I am looking for a documentation or an example about using the UQLab results of Bayesian inference, i.e. the outputs ot
uq_postProcessInversion, to perform
- forward UQ and/or
- a further Bayesian inference using the posterior measure of the first Bayesian inference as prior measure.
I think that I could use the samples in
...result.PostProc.PostSample to perform forward UQ, and could use the computed mean, standard deviation and correlation matrix to define within an appropriate set of densities an approximation of the posterior density, but would be grateful for any hints.
There is currently no example that explains this - but using the
.Results.PostProc.PostSample is the correct starting point. There are a couple of things you can do with this sample, but first of all, you will have to transform it to a 2D array with
PostSample2D = reshape(permute(PostSample3D, [2 1 3]), size(PostSample3D, 2), ).'
You could then, of course, directly propagate this sample through a different forward model, but to use advanced UQ methods (or for another round of inference where this posterior measure is used as a prior measure), you will have to find a parametric distribution that can be used to represent this sample.
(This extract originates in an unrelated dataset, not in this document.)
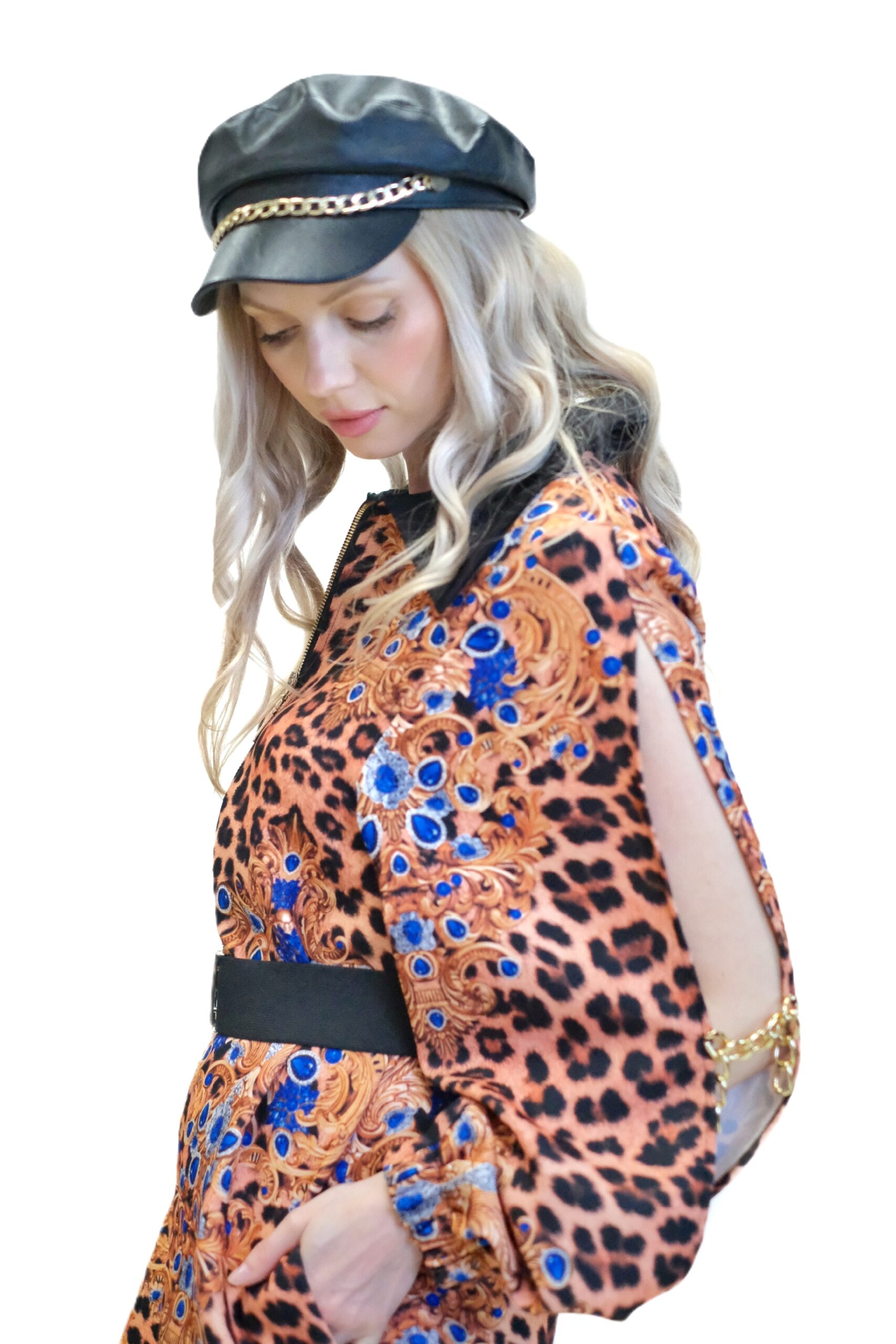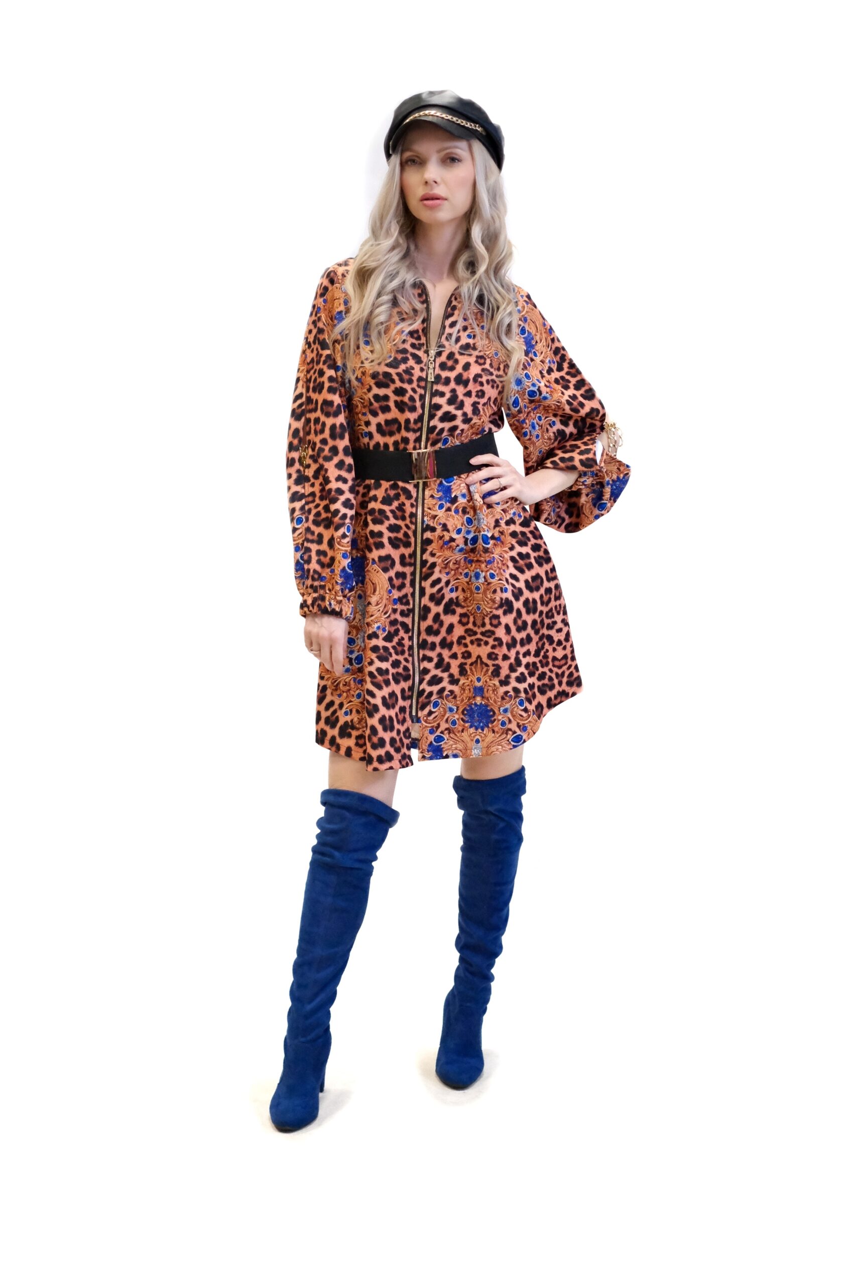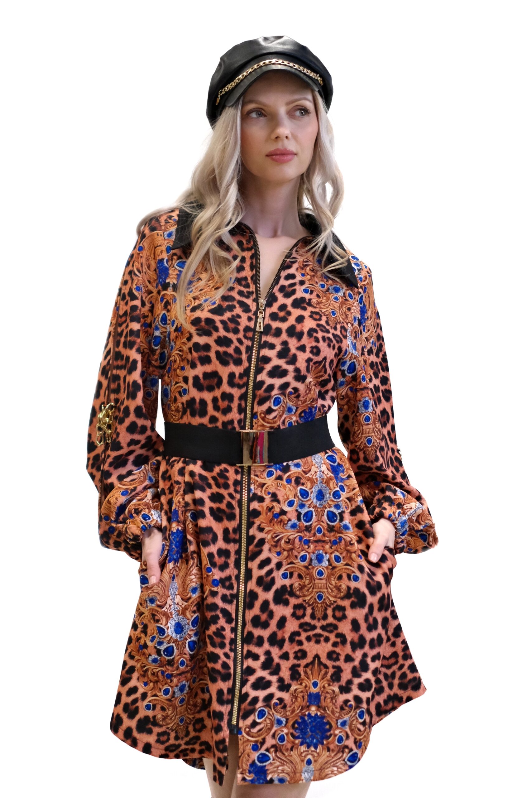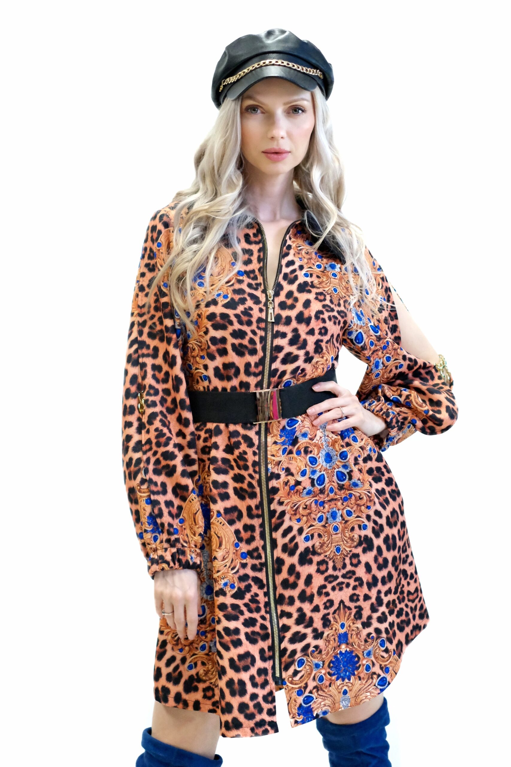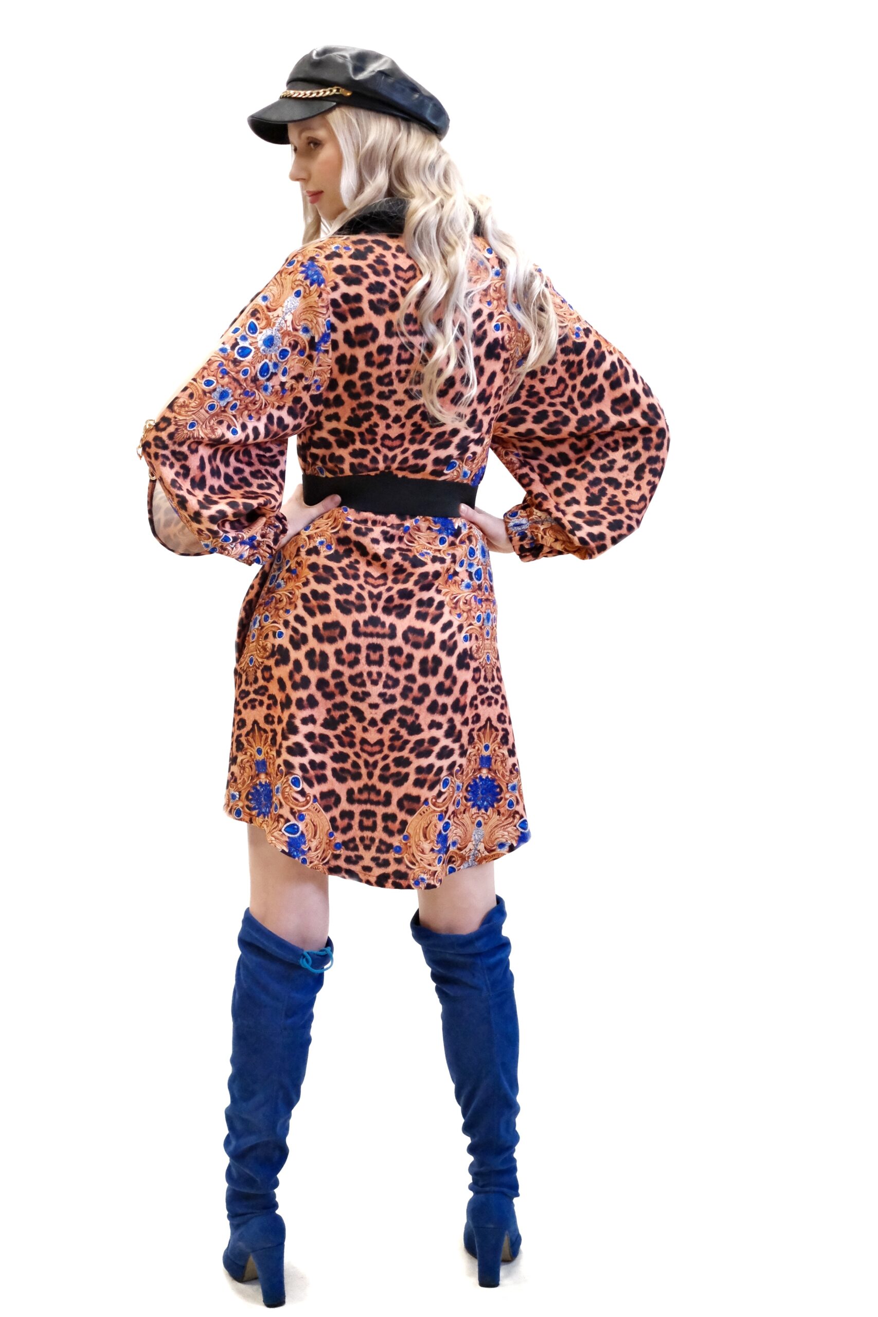Model unikátne spája divokosť leopardej potlače s bohatými barokovými motívmi v kráľovskej modrej a zlatej farbe, čím vytvára umelecký a vysoko elegantný vizuálny kontrast.

For this, I suggest you have a look at the new input module that was released in v.1.3 of
UQLab. More specifically, have a look at the inference of marginals and copulas as detailed in this example. This will allow you to define a new
uq_input object using the posterior sample. This object can then be used to do any UQ analysis you desire.
Let me know how it goes!
thanks for your answer and your advice.
I think I will start with using the sample such that I can take advantage of the fact that my time-dependent forward model can be written as the sum of a summand that must be updated in every time step and a summand that stays constant for some time.
Later I will try to deal with marginals and copulas.
Okay, since I knew now that there is a way to use the results of the Bayesian inference I have to start to implement the inference for my problem.